START Provided records

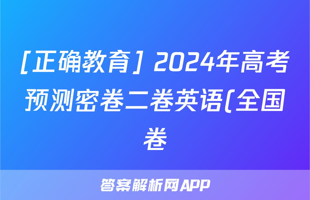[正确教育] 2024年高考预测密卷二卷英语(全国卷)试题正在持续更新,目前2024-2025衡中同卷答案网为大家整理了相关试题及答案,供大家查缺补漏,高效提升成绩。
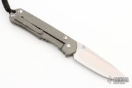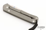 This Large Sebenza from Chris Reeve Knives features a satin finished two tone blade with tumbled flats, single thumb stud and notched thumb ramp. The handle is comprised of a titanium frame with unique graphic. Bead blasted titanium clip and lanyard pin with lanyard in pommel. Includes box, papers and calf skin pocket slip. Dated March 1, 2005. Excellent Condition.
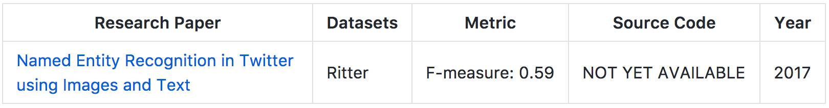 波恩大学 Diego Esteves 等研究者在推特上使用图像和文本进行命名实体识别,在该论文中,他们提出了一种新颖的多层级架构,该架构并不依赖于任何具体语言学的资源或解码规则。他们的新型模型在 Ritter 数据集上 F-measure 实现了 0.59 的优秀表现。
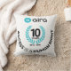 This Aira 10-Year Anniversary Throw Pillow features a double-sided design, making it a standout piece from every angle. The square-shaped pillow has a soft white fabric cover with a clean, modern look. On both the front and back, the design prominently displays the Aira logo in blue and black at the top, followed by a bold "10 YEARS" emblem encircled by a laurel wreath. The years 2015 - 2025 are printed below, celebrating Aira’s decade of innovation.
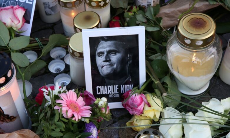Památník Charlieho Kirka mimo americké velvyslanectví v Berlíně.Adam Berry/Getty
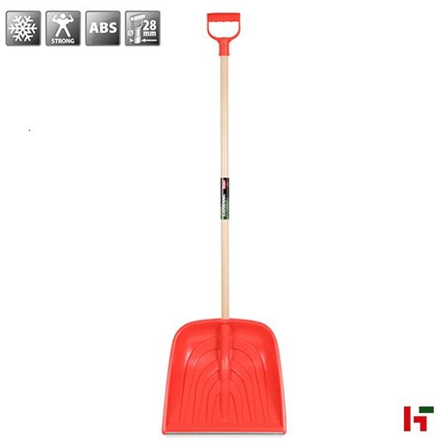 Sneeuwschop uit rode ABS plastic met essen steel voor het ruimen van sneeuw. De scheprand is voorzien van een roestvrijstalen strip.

END Provided records

== Instructions for the task ==
Repeat each line of the material, unaltered, from the first through the line with "This Large Sebenza", and include no pictures.

== Response to this task ==
[正确教育] 2024年高考预测密卷二卷英语(全国卷)试题正在持续更新,目前2024-2025衡中同卷答案网为大家整理了相关试题及答案,供大家查缺补漏,高效提升成绩。
 This Large Sebenza from Chris Reeve Knives features a satin finished two tone blade with tumbled flats, single thumb stud and notched thumb ramp. The handle is comprised of a titanium frame with unique graphic. Bead blasted titanium clip and lanyard pin with lanyard in pommel. Includes box, papers and calf skin pocket slip. Dated March 1, 2005. Excellent Condition.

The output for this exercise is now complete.